Exercise data:
++++++++++++++++++++

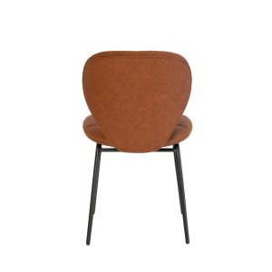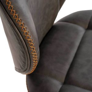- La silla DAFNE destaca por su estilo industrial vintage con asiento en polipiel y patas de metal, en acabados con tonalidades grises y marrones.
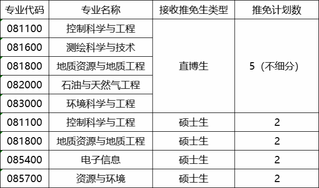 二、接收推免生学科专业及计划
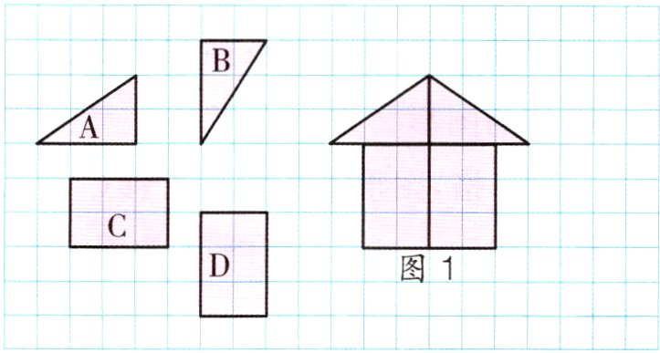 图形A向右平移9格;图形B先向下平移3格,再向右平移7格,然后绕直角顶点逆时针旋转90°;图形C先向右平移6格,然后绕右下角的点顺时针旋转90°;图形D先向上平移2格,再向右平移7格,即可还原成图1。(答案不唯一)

++++++++++++++++++++

Work to be completed: All of the material above is to be copied exactly, except for its images.

Response to the task:
- La silla DAFNE destaca por su estilo industrial vintage con asiento en polipiel y patas de metal, en acabados con tonalidades grises y marrones.
 二、接收推免生学科专业及计划
 图形A向右平移9格;图形B先向下平移3格,再向右平移7格,然后绕直角顶点逆时针旋转90°;图形C先向右平移6格,然后绕右下角的点顺时针旋转90°;图形D先向上平移2格,再向右平移7格,即可还原成图1。(答案不唯一)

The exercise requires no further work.